[Description of the task] In the data below, find the line containing "Es un individuo" and the line containing "- kleine Küche", then reproduce them and every line between, exactly. Omit pictures.

[Supplied material]

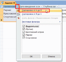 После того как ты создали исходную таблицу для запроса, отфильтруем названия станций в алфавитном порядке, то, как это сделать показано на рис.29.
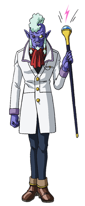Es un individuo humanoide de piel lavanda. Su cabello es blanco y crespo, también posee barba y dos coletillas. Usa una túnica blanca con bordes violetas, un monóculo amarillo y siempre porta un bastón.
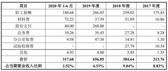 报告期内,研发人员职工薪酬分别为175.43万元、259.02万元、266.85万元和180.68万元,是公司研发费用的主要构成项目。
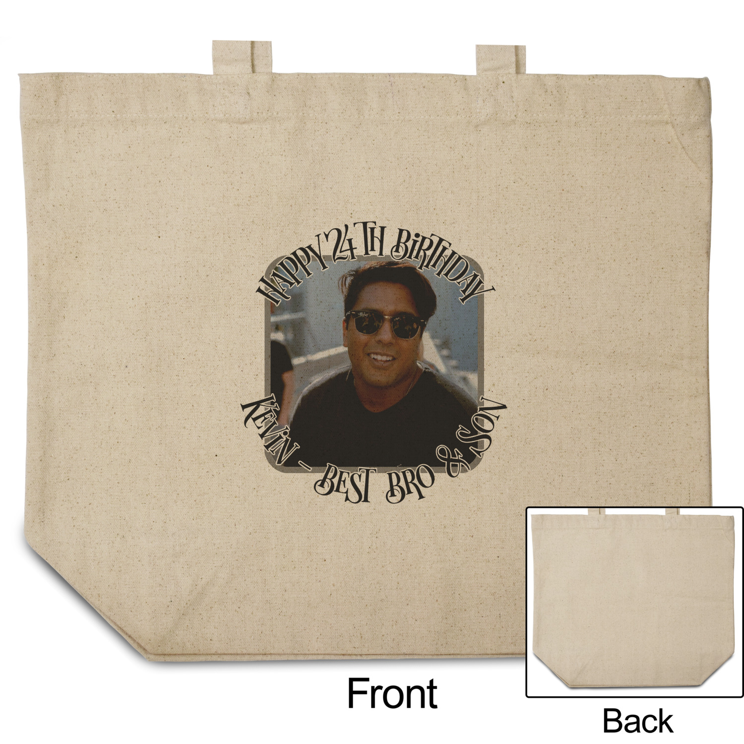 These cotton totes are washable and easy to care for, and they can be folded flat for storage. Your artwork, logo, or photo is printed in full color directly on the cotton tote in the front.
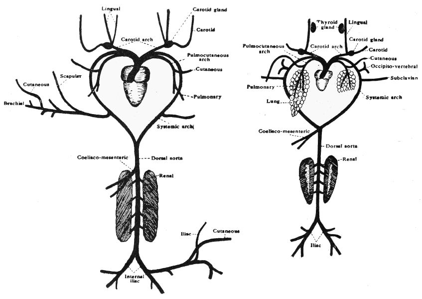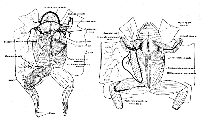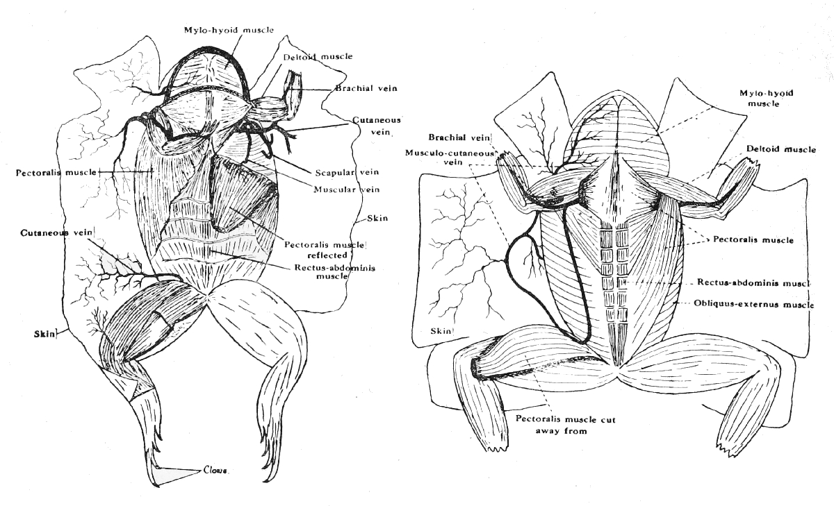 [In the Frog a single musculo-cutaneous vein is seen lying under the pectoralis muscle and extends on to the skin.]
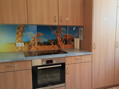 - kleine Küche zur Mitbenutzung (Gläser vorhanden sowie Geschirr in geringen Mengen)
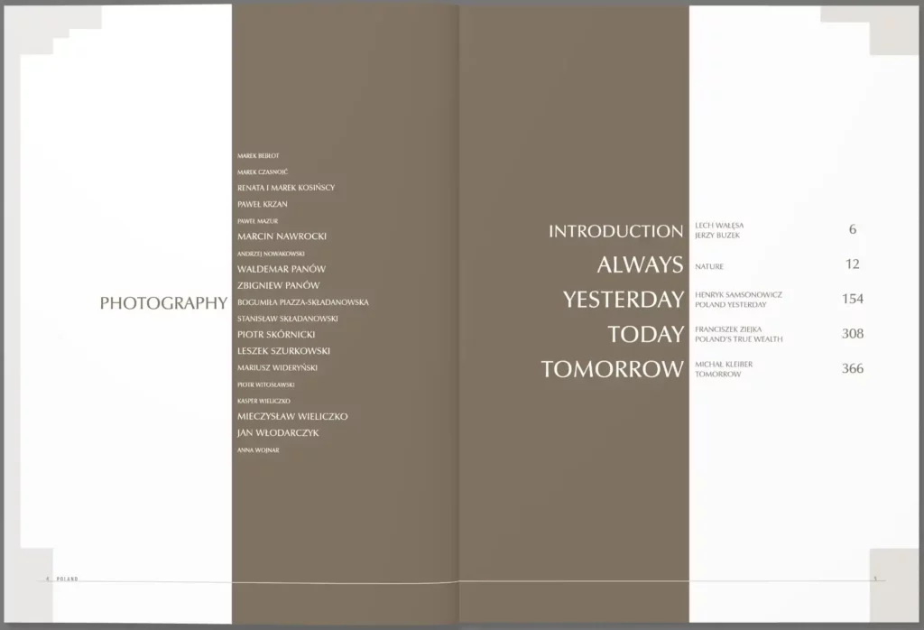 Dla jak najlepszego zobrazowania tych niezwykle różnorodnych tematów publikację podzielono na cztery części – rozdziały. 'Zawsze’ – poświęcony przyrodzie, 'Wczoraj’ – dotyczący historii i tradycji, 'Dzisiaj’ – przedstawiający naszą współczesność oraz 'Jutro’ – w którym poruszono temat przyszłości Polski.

[Answer section]
Es un individuo humanoide de piel lavanda. Su cabello es blanco y crespo, también posee barba y dos coletillas. Usa una túnica blanca con bordes violetas, un monóculo amarillo y siempre porta un bastón.
 报告期内,研发人员职工薪酬分别为175.43万元、259.02万元、266.85万元和180.68万元,是公司研发费用的主要构成项目。
 These cotton totes are washable and easy to care for, and they can be folded flat for storage. Your artwork, logo, or photo is printed in full color directly on the cotton tote in the front.
 [In the Frog a single musculo-cutaneous vein is seen lying under the pectoralis muscle and extends on to the skin.]
 - kleine Küche zur Mitbenutzung (Gläser vorhanden sowie Geschirr in geringen Mengen)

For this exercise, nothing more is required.